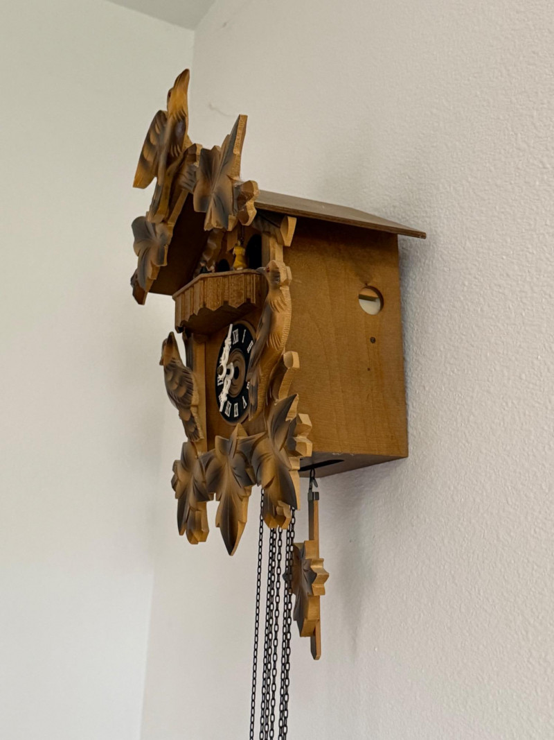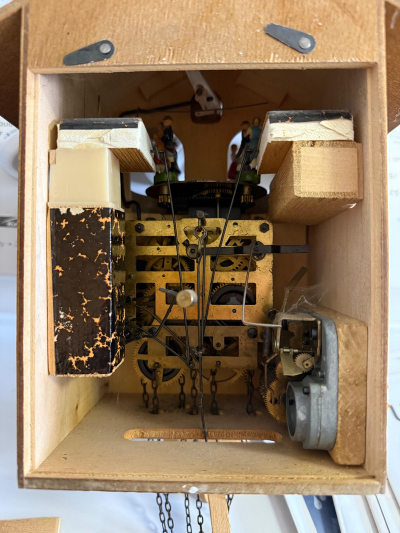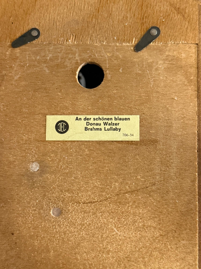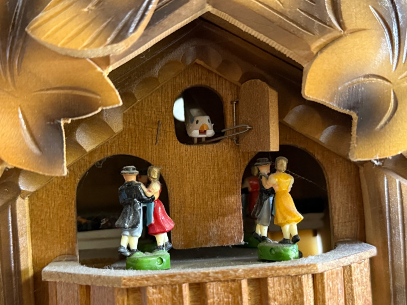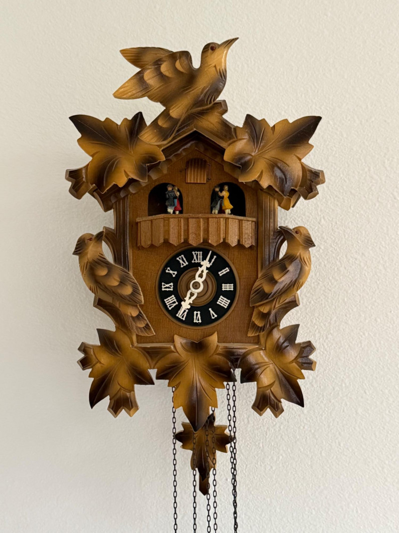Vintage German Musical Cuckoo Clock with Dancing Figurines – 14” Tall Vintage cuckoo clock featuring hand-carved birds and leaves, rotating dancing couples, and a traditional cuckoo bird that emerges on the hour. Plays “Blue Danube Waltz” and “Brahms Lullaby.” Includes all three pine cone weights. Measures approx. 14" tall x 9" wide.
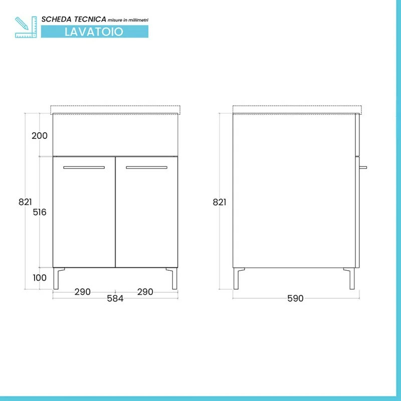 Mobile lavatoio 60x60 cm caratteristiche tecniche:
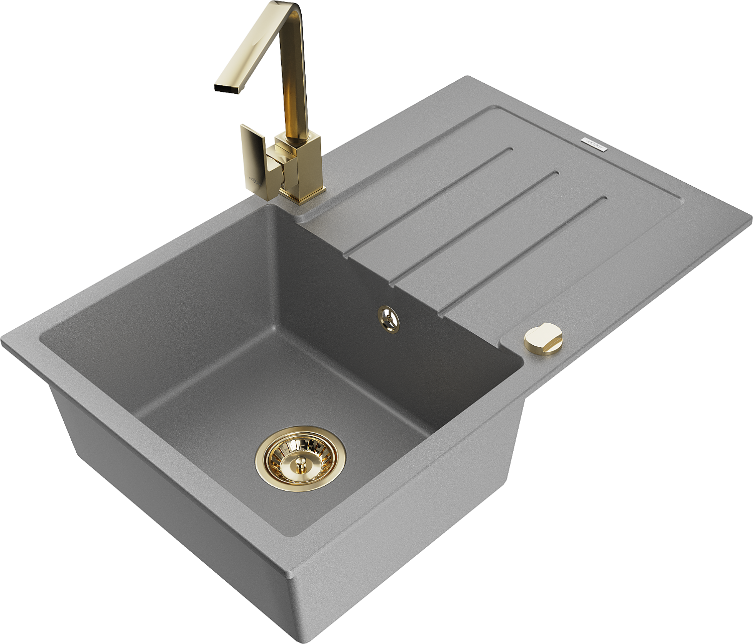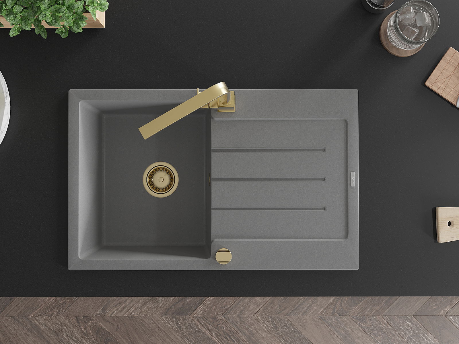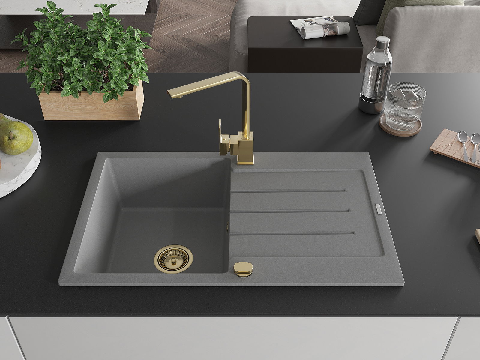 Mexen Bruno évier en granit 1 bac avec égouttoir et robinet de cuisine Rita, gris - 6513-71-670300-50

:::::

_WHAT THIS TASK INVOLVES_: Could the data above be reproduced exactly, with the pictures left out?

_WRITTEN RESPONSE_:
Vintage German Musical Cuckoo Clock with Dancing Figurines – 14” Tall Vintage cuckoo clock featuring hand-carved birds and leaves, rotating dancing couples, and a traditional cuckoo bird that emerges on the hour. Plays “Blue Danube Waltz” and “Brahms Lullaby.” Includes all three pine cone weights. Measures approx. 14" tall x 9" wide.
 Mobile lavatoio 60x60 cm caratteristiche tecniche:
 Mexen Bruno évier en granit 1 bac avec égouttoir et robinet de cuisine Rita, gris - 6513-71-670300-50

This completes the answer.